Additionally, Intelligent Environments’ research reveals that nearly four in 10 (38 per cent) parents choose not to give their children any pocket money, instead preferring to transfer the funds into a savings account in their children’s name.  However, despite an increasingly digitally-native generation of youngsters, as well as parents’ clear desire to immerse children in personal financial management from a young age, just two UK high street banks provide current accounts for children under the age of 11. HSBC and NatWest’s youth accounts cater for children aged seven upwards but there are currently no providers for the under sevens. As a result, Intelligent Environments is now calling on banks to lower the minimum ages on digital bank accounts and provide bespoke online services to help teach children how to manage their money.

David Webber, managing director at Intelligent Environments, says: “There’s a terrific clip on YouTube of a baby trying to use a magazine as an iPad. Truly evidence of digital engagement at a young age. Nothing has changed more than the way in which we manage our money; our research shows that in a world of apps, e-books, digital music, and online games, more children than ever are asking for their weekly allowance digitally to fuel modern-day spending such as in-app purchases, in-game currency and digital music downloads.

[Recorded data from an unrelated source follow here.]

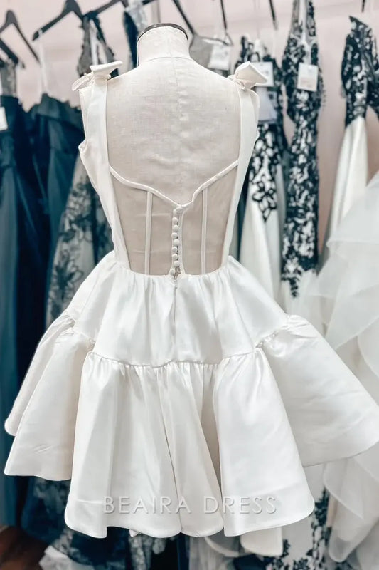 Beaira Elegant Square Neckline Tiered Skirt Mini Bridal Dress with Bow - Detailed Straps for Whimsical Bridal Charm
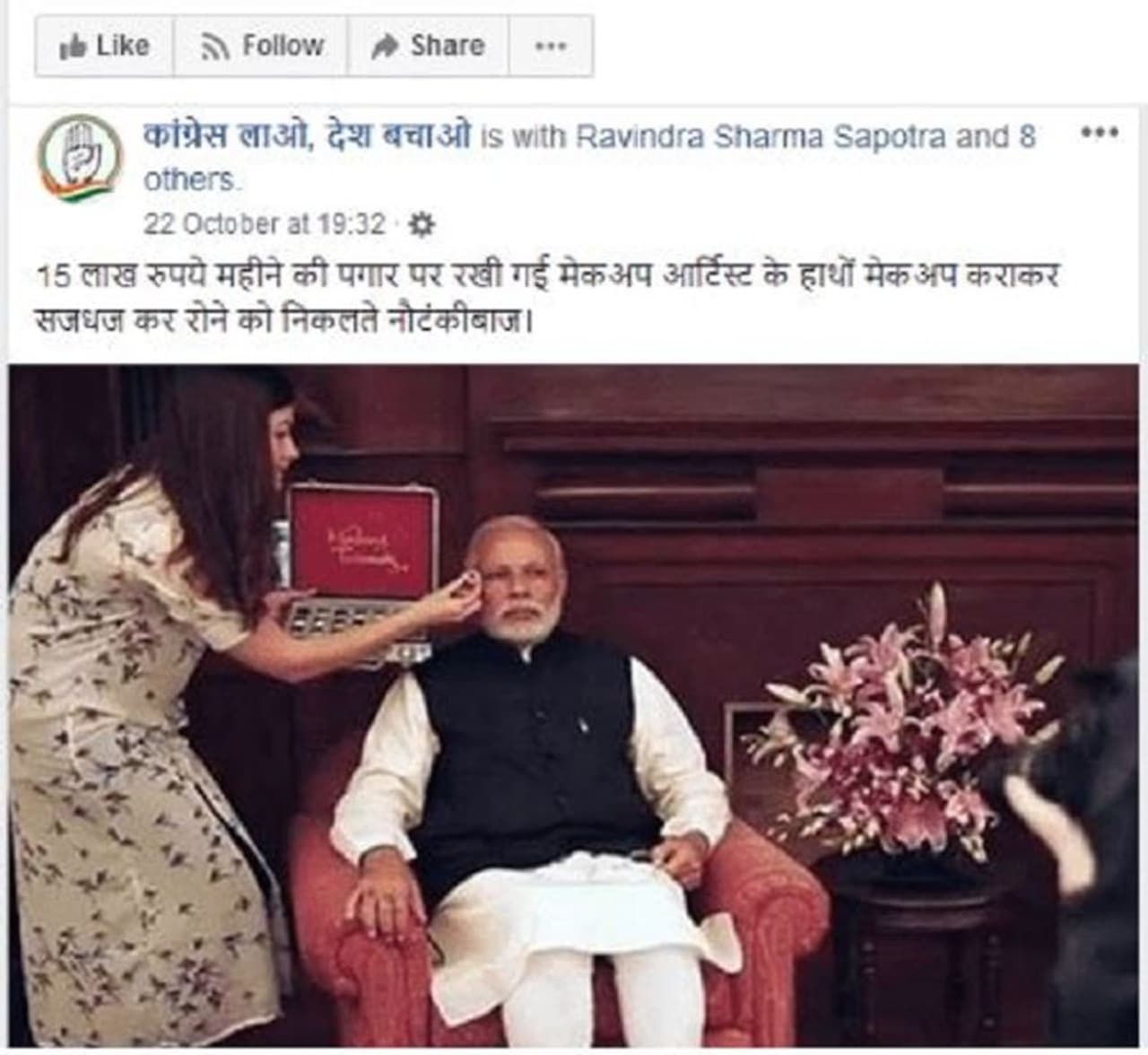 ಸಾಮಾಜಿಕ ಜಾಲತಾಣಗಳಲ್ಲಿ ವೈರಲ್ ಆಗಿರುವ ಈ ಫೋಟೋದಲ್ಲಿ ಮಹಿಳೆಯೊಬ್ಬರು ಮೋದಿ ಅವರಿಗೆ ಮೇಕಪ್ ಮಾಡುತ್ತಿರುವಂತೆ ಕಾಣಿಸುತ್ತದೆ. ಮೋದಿ ಅವರು ಈ ಹಿಂದೆ ಅಮೆರಿಕ ಅಧ್ಯಕ್ಷರ ಭೇಟಿ ವೇಳೆ 10 ಲಕ್ಷದ ಸೂಟು ಧರಿಸಿದ್ದರು ಎಂದು ಸುದ್ದಿಯಾಗಿತ್ತು. ಹೀಗಾಗಿ ಮೋದಿ ಅವರು ಕಾರ್ಯಕ್ರಮದ ವೇಳೆ ವಿವಿಧ ರೀತಿಯ ವೇಷಭೂಷಣ ಧರಿಸಿರುವ ಫೋಟೋಗಳನ್ನು ಹಾಕಿ ಟೀಕಾಕಾರರು ಕಮೆಂಟ್ ಮಾಡುತ್ತಿದ್ದಾರೆ.
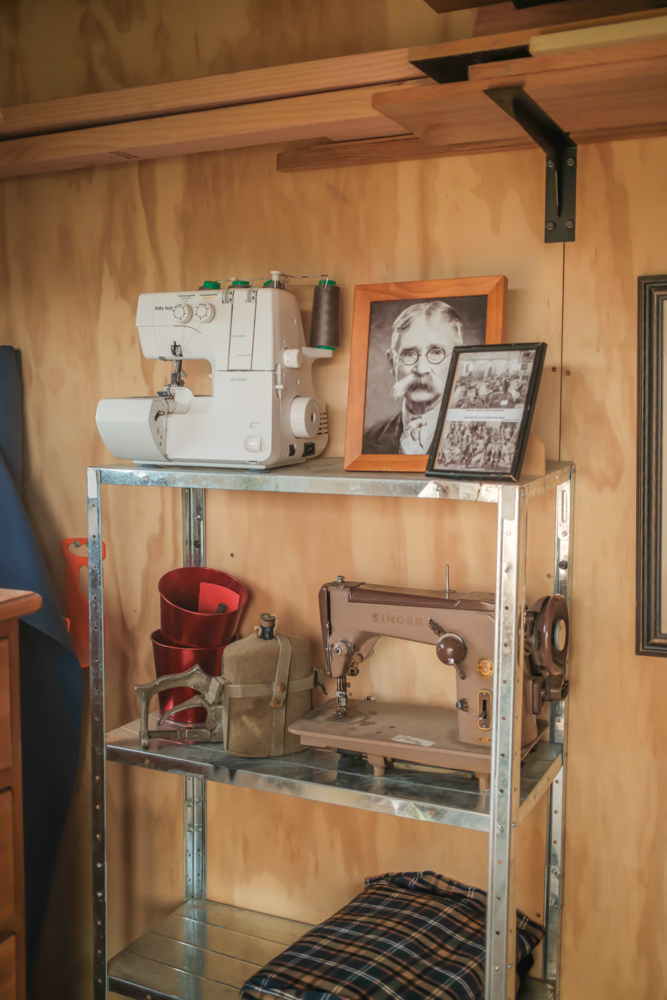- A shelf of stories: a portrait of Oscar Eide from the 1930s, pages from Hugh Ramage’s In the Midst of the Boom chronicling Whanganui’s textile history, Nikolai’s mum’s well-loved overlocker, an antique Singer rescued for restoration, a once-rejected lining sample now reborn as an event tablecloth, and a WWII canteen – the kind Oscar Eide produced while crafting bags, water vessels and tents for the Pacific war effort.
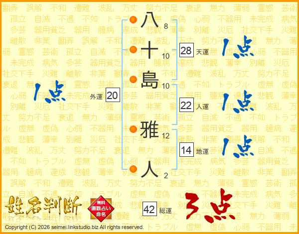 八(8画)十(10画)島(10画) 雅(12画)人(2画)
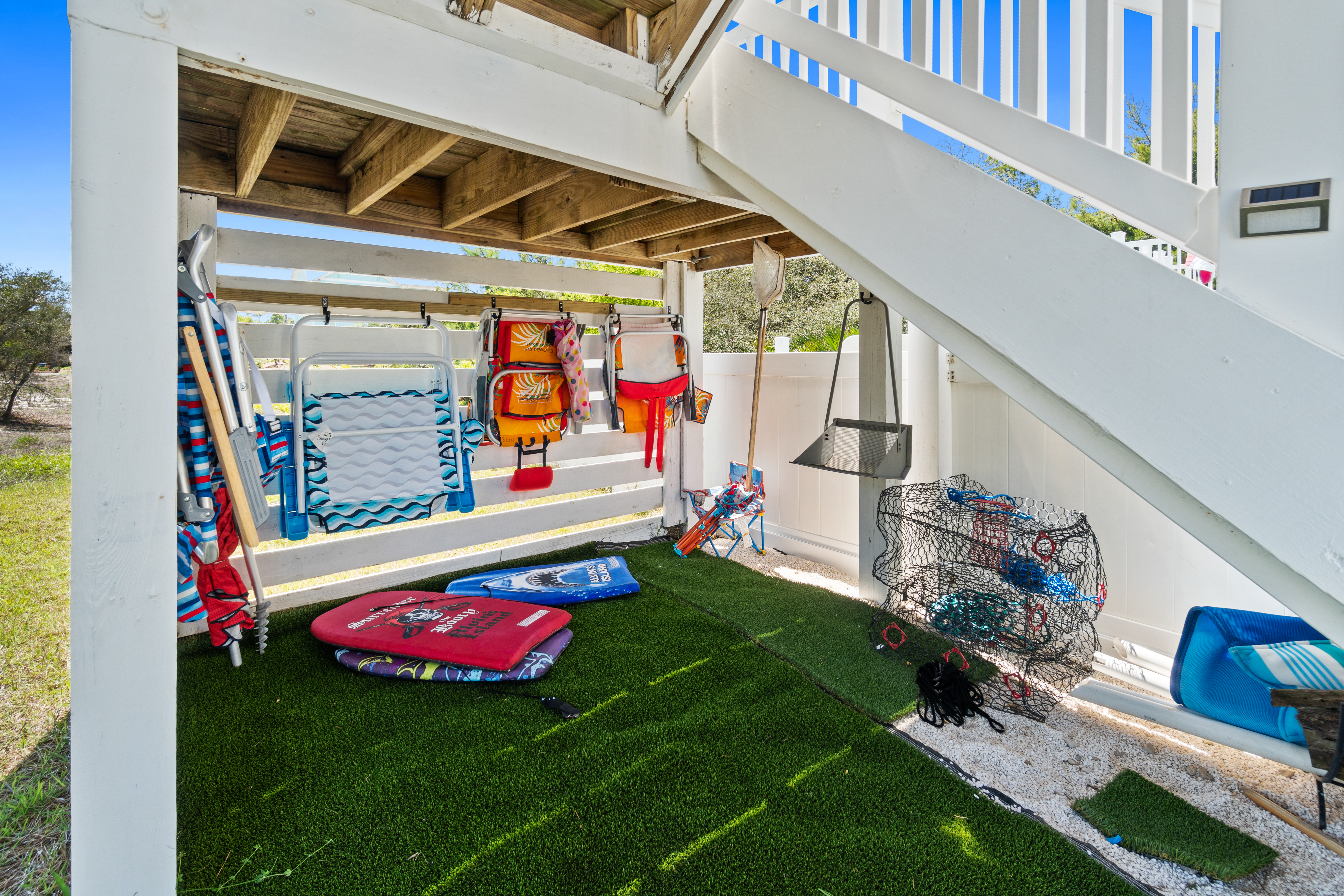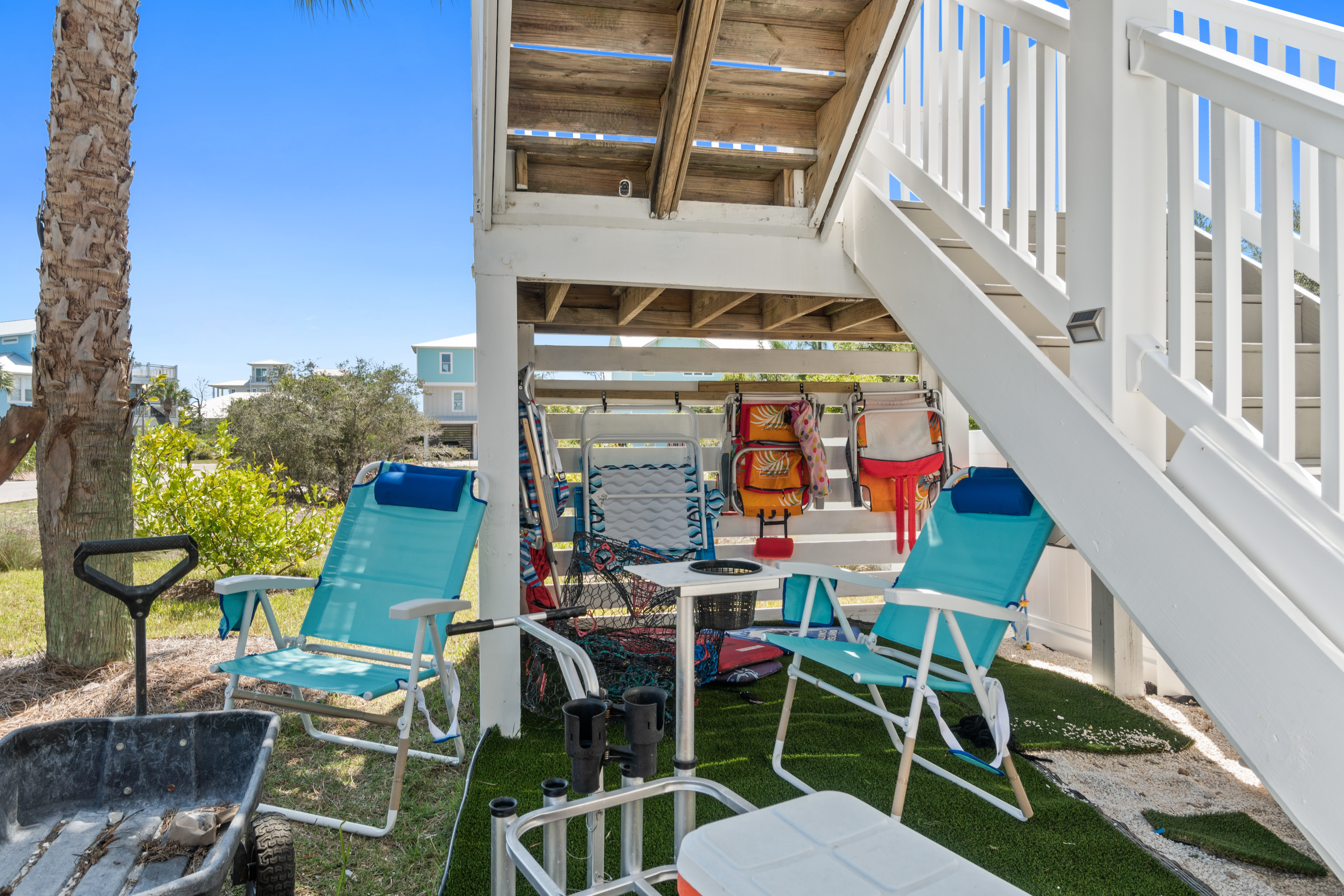 Convenience: Parking is a breeze with space for up to 5 cars. The home also comes equipped with beach chairs, an umbrella, a cart, beach toys and even a kayak for your beach adventures.

“In addition, we at Intelligent Environments believe that in an increasingly cashless society, more should be done by banks to give young children access to digital personal financial management tools. We share parents’ views that learning the power of spending and the value of saving from a young age provides children with valuable life skills that will take them far. Banks should be appealing to the younger generation by providing access to current accounts for the under sevens, let alone waiting until they are 11 years old, while digital financial management tools can help children understand and appreciate the value of money at a crucial early age.”

CASE STUDY: Gary Monaghan is 42 years old, works in the advertising industry, and lives in North London with his wife and two children. He gives his son Noah (10 years old) and daughter Lola (14 years old) pocket money digitally as he believes this ensures a balance between them buying things they want and things that are good for them. Gary says: “I give my son Noah pocket money by topping up his Xbox account, while my daughter Lola gets money put on her iTunes account to buy music. They don’t really ask for toys, sweets and football sticker books the way I used to – what they really want is all online these days. Noah uses his credit to buy new games or spend it on in-game purchases in his favourite games, and Lola uses the top-up to buy the music she loves.

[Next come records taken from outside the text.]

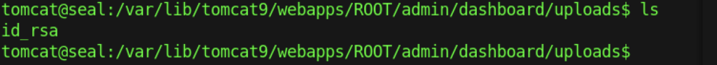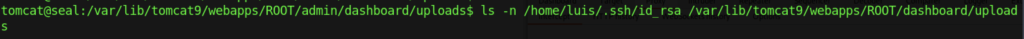 Without further ado, We should be able to retrieve luis by executing the command “ls -n /home/luis/.ssh/id_rsa /var/lib/tomat9/webapps/ROOT/admin/dashboard/uploads“
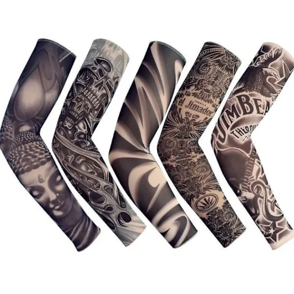 Rimligt pris med bra kvalitet5 st Buddha, dödskalle, tribal, Maori och örndesign, fashion, cool och originellDessa tillfälliga tatueringsärmar är perfekta för daglig användning som ridning, motorcykel, camping eller temafester, Halloween-kostymer och utekvällarBättre var för hand och häng den för att torka för längre användning
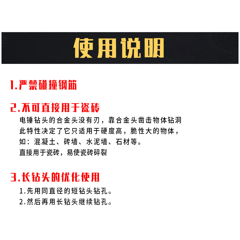 Round handle rotary hammer drill bit lengthened 8*500 10*600mm Cement brick wall concrete wall round head impact drill
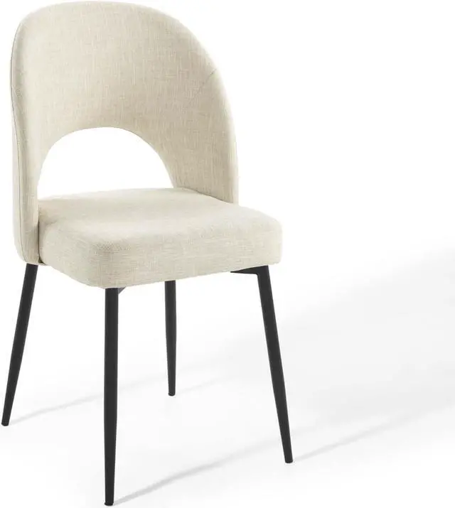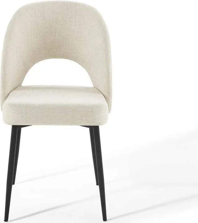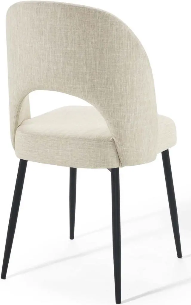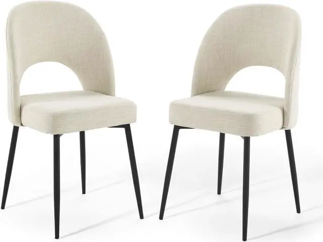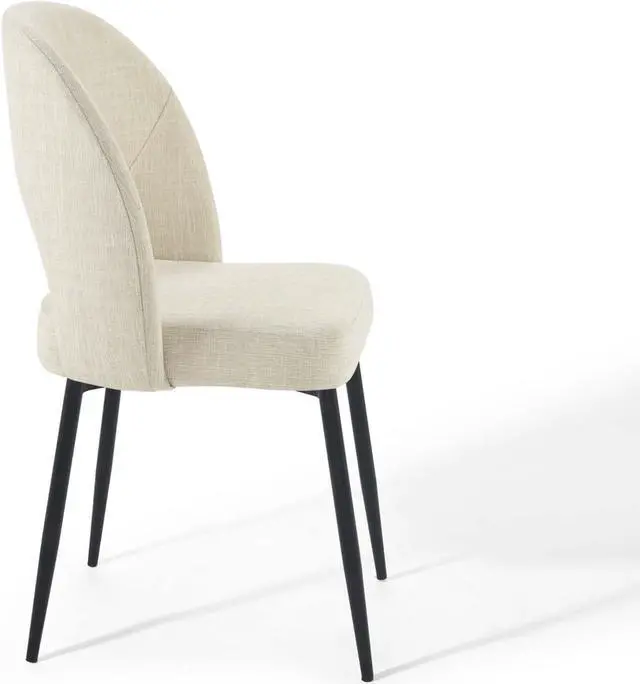 Revel in a stylish update on a classic design. Comprised of densely padded foam that supports the durable and soft fabric upholstery, the Rouse Upholstered Fabric Dining Side Chair offers a luxurious update to mid-century design. This glamorous dining chair is constructed from bentwood and sits atop four matte black stainless steel splayed and tapered legs. A comfortable fabric dining chair with open back design, experience the smooth curves and subtle embrace of this versatile dining room side chair. Chair Weight Capacity: 331 lbs.Set Includes:Two - Rouse Dining Side Chair
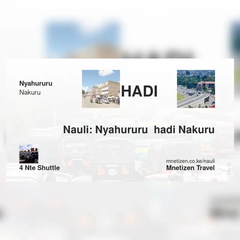 Nyahururu to Nakuru Shuttle fare, Online Shuttle booking Nyahururu -Nakuru, 4 Nte Shuttle ticket Nyahururu -Nakuru, Compare Shuttle fares Nyahururu -Nakuru, Book Shuttle online Nyahururu -Nakuru, Schedule Shuttle Nyahururu -Nakuru, Cheap Shuttle tickets Kenya
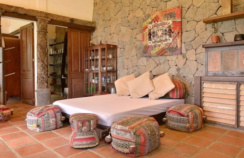 the bedroom has one double bed good for two guests In the living area, we have one sofa bed that can also sleep two plus one queen-size bed which we also use as a lounge bed with poofs and pillows.
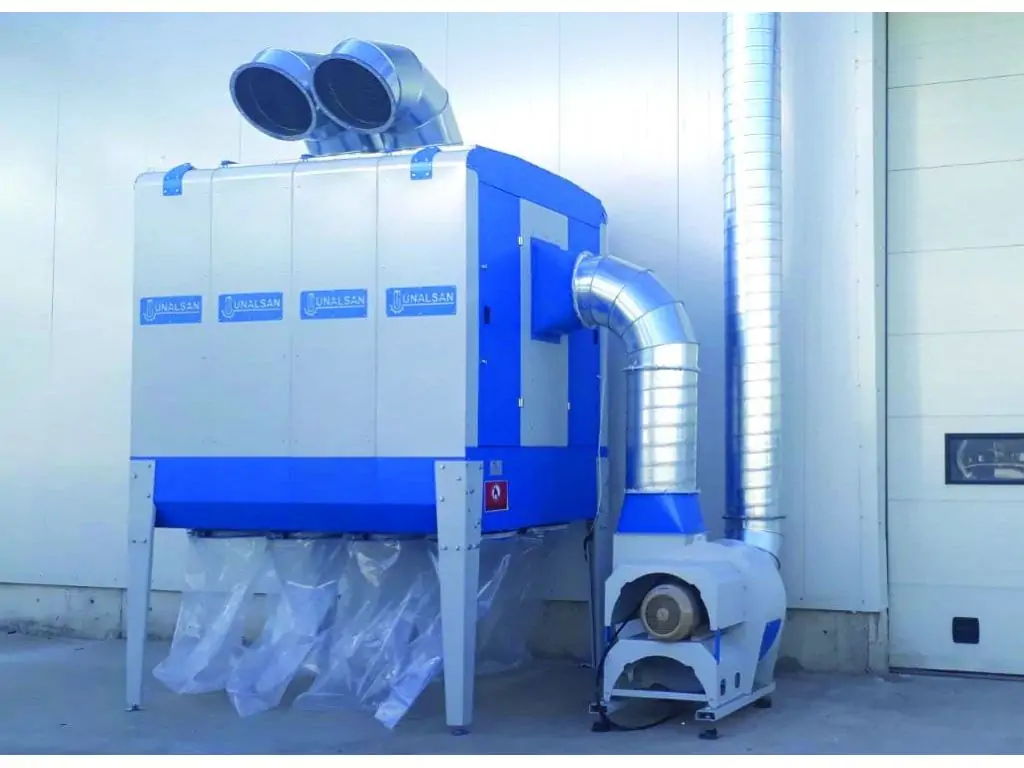 Кожна секція має два поліетиленових мішки для збору відходів, та 18 рукавних фільтрів розміром D160х1680 мм.

“Don’t get me wrong, my children still have to earn their pocket money by doing chores such as unloading the dishwasher and hoovering the stairs, in the same way I had to earn my allowance. But the way in which I give Noah and Lola their money, what they are spending it on and also how much I give them has changed drastically. I used to be given £2 a week in coins, whereas my kids now get certain amounts of money for varying tasks transferred digitally to use on the things they want to use the money on. If they don’t do any chores in a given week, my wife and I transfer money to a savings account in their name, which they’ll be able to access at a later date.

“These sorts of digital transactions help my kids understand the value of money, something I wish I had been taught at a young age. Banks should be providing access to tools to help children learn the power of spending and saving while they’re as young as possible. I’m now in the process of setting them up with their own digital bank accounts to help teach them about financial management, but there’s so much more that can be done on the issue.”